__EXERCISE__: A word-for-word copy of the entries, with the images left out, is what you should write.

Data entries:
○ ○ ○ ○
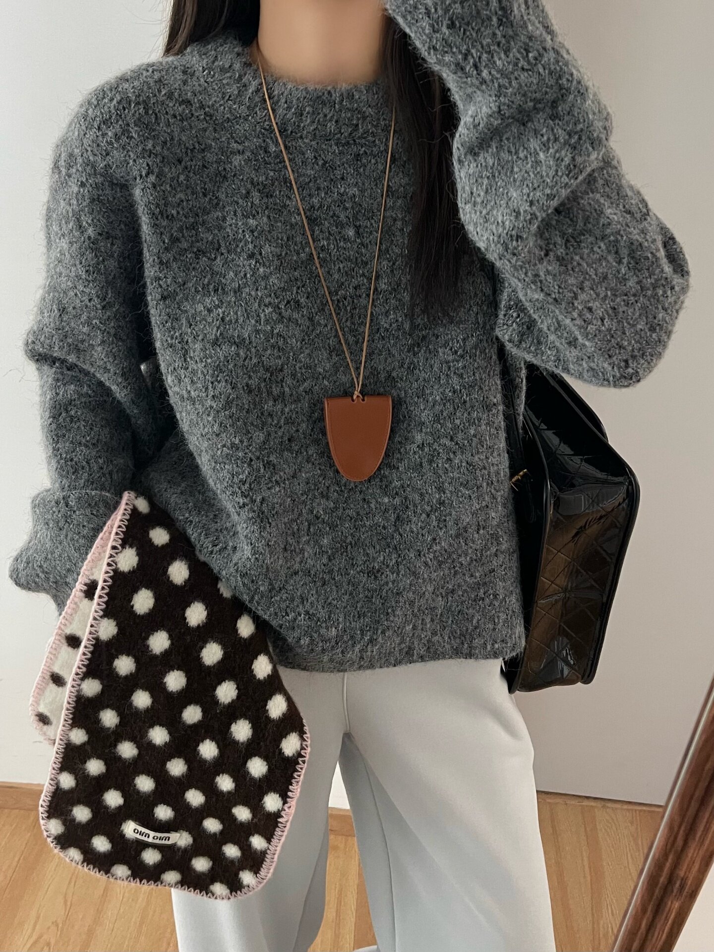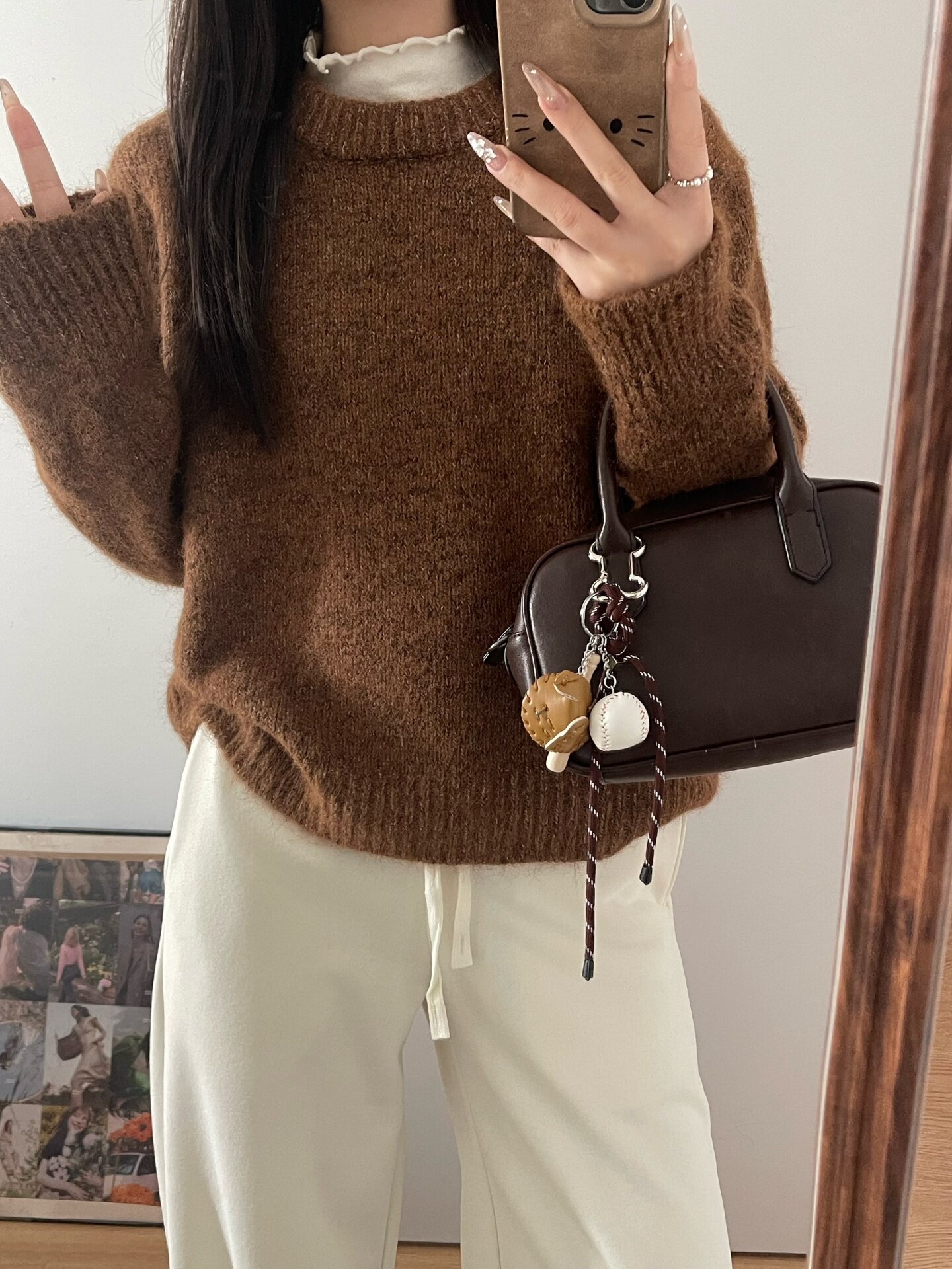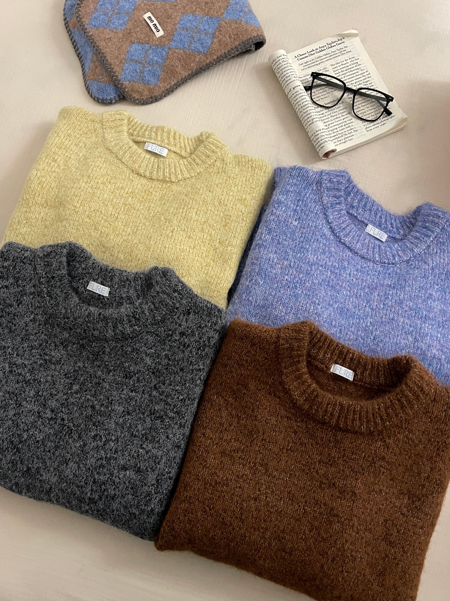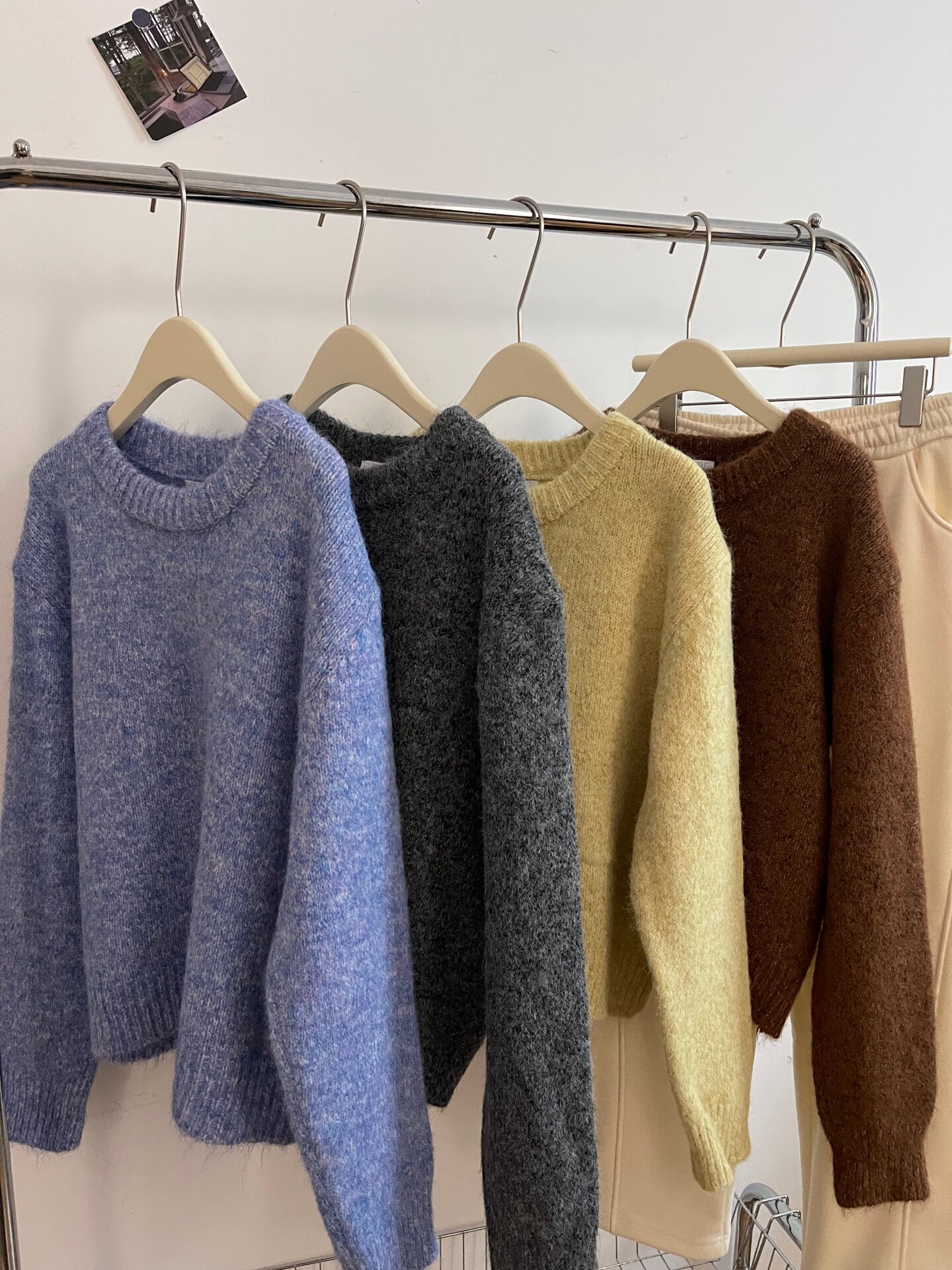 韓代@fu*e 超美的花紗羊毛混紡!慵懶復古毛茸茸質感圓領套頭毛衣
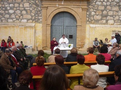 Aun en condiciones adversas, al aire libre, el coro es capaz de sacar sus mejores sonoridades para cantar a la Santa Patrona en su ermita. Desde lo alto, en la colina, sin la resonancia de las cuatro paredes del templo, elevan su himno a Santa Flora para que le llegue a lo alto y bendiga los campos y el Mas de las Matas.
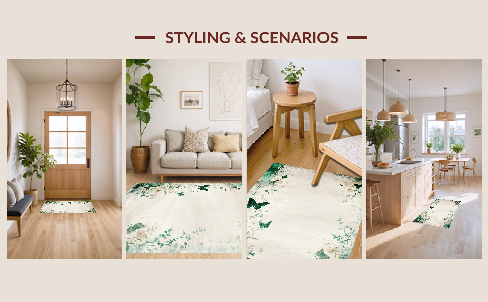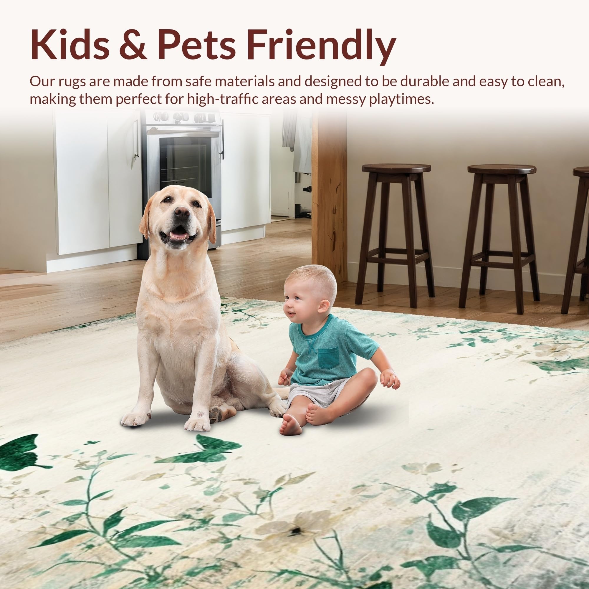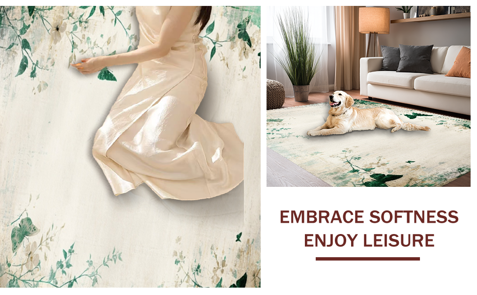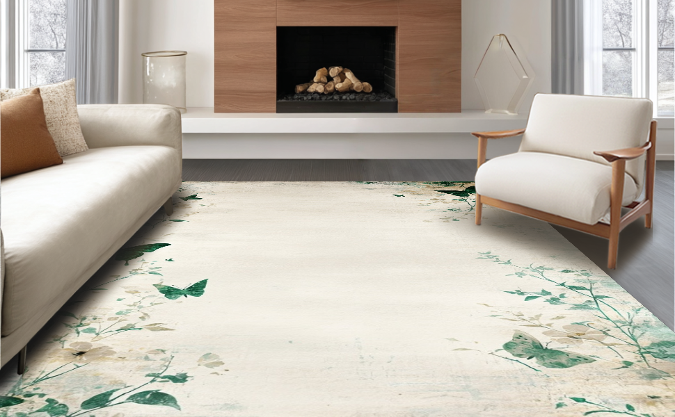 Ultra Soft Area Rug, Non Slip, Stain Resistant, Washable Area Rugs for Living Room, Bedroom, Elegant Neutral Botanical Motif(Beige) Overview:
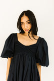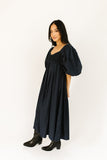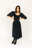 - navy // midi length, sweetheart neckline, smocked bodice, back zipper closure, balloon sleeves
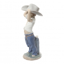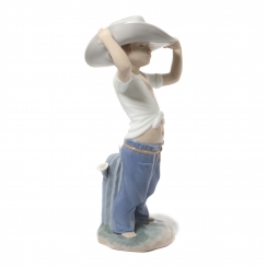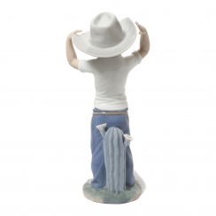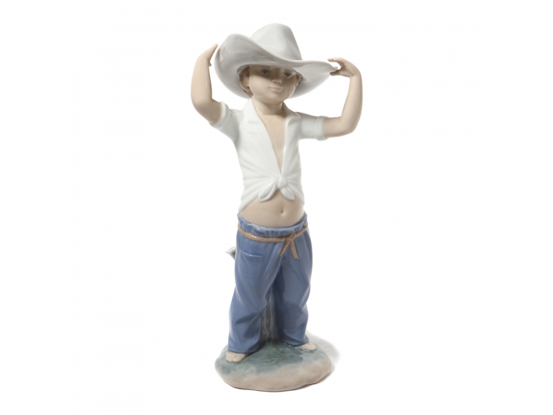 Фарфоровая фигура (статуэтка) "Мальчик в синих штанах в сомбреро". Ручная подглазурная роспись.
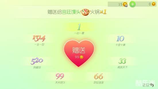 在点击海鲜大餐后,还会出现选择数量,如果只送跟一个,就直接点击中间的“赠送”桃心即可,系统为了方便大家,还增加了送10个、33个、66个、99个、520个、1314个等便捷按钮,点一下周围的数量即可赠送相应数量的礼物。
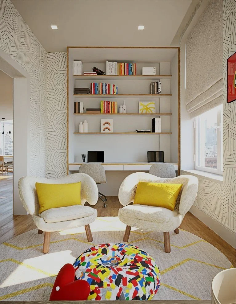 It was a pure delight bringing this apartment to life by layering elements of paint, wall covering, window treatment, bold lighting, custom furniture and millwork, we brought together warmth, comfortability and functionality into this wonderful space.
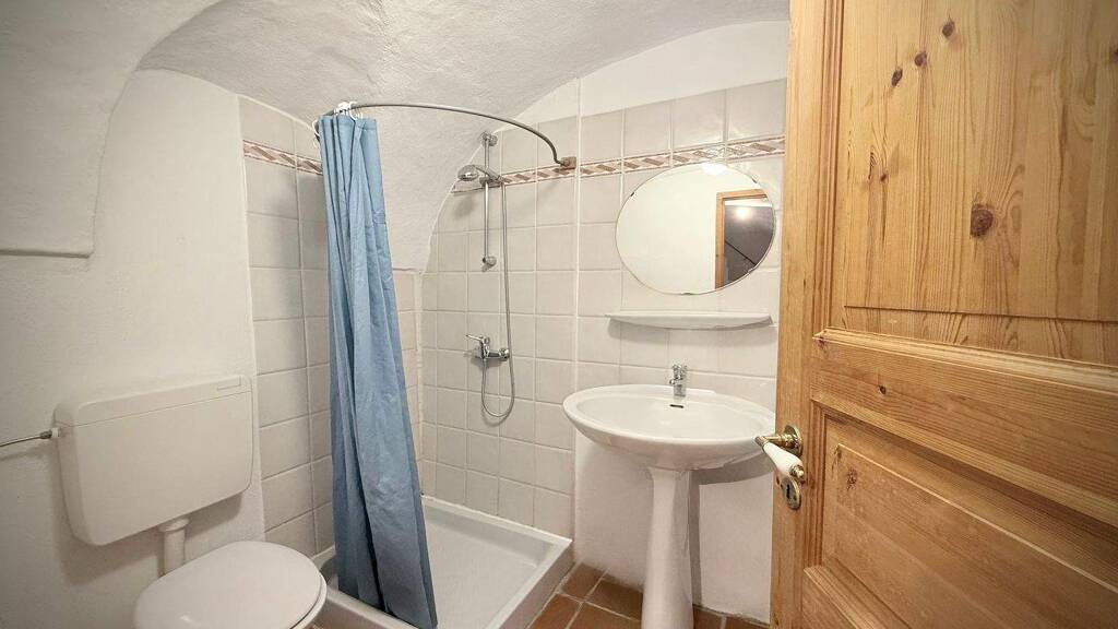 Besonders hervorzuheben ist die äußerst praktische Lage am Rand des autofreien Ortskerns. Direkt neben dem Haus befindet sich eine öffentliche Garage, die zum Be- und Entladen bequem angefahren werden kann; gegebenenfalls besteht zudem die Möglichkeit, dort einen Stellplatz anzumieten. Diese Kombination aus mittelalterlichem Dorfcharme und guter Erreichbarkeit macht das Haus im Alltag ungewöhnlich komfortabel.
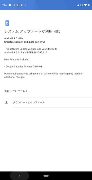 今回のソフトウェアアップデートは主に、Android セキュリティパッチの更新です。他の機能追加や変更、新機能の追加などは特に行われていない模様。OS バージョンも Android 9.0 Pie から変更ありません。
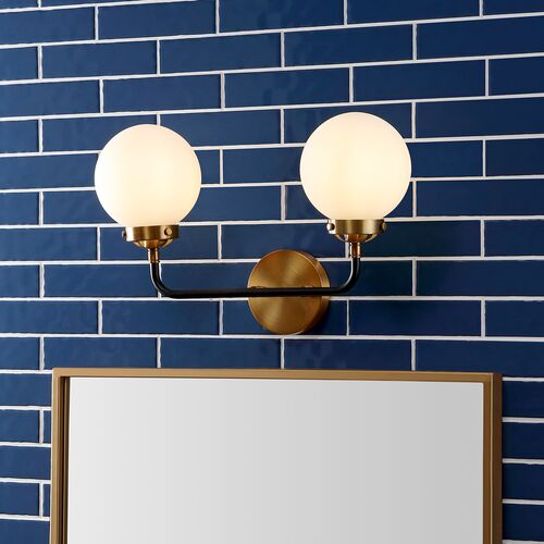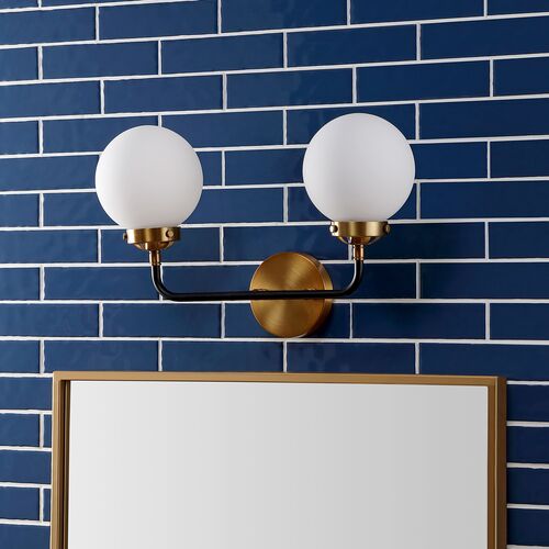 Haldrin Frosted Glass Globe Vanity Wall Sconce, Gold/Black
○ ○ ○ ○
__OUTPUT OF THE EXERCISE__:
 韓代@fu*e 超美的花紗羊毛混紡!慵懶復古毛茸茸質感圓領套頭毛衣
 Aun en condiciones adversas, al aire libre, el coro es capaz de sacar sus mejores sonoridades para cantar a la Santa Patrona en su ermita. Desde lo alto, en la colina, sin la resonancia de las cuatro paredes del templo, elevan su himno a Santa Flora para que le llegue a lo alto y bendiga los campos y el Mas de las Matas.
 Ultra Soft Area Rug, Non Slip, Stain Resistant, Washable Area Rugs for Living Room, Bedroom, Elegant Neutral Botanical Motif(Beige) Overview:
 - navy // midi length, sweetheart neckline, smocked bodice, back zipper closure, balloon sleeves
 Фарфоровая фигура (статуэтка) "Мальчик в синих штанах в сомбреро". Ручная подглазурная роспись.
 在点击海鲜大餐后,还会出现选择数量,如果只送跟一个,就直接点击中间的“赠送”桃心即可,系统为了方便大家,还增加了送10个、33个、66个、99个、520个、1314个等便捷按钮,点一下周围的数量即可赠送相应数量的礼物。
 It was a pure delight bringing this apartment to life by layering elements of paint, wall covering, window treatment, bold lighting, custom furniture and millwork, we brought together warmth, comfortability and functionality into this wonderful space.
 Besonders hervorzuheben ist die äußerst praktische Lage am Rand des autofreien Ortskerns. Direkt neben dem Haus befindet sich eine öffentliche Garage, die zum Be- und Entladen bequem angefahren werden kann; gegebenenfalls besteht zudem die Möglichkeit, dort einen Stellplatz anzumieten. Diese Kombination aus mittelalterlichem Dorfcharme und guter Erreichbarkeit macht das Haus im Alltag ungewöhnlich komfortabel.
 今回のソフトウェアアップデートは主に、Android セキュリティパッチの更新です。他の機能追加や変更、新機能の追加などは特に行われていない模様。OS バージョンも Android 9.0 Pie から変更ありません。
 Haldrin Frosted Glass Globe Vanity Wall Sconce, Gold/Black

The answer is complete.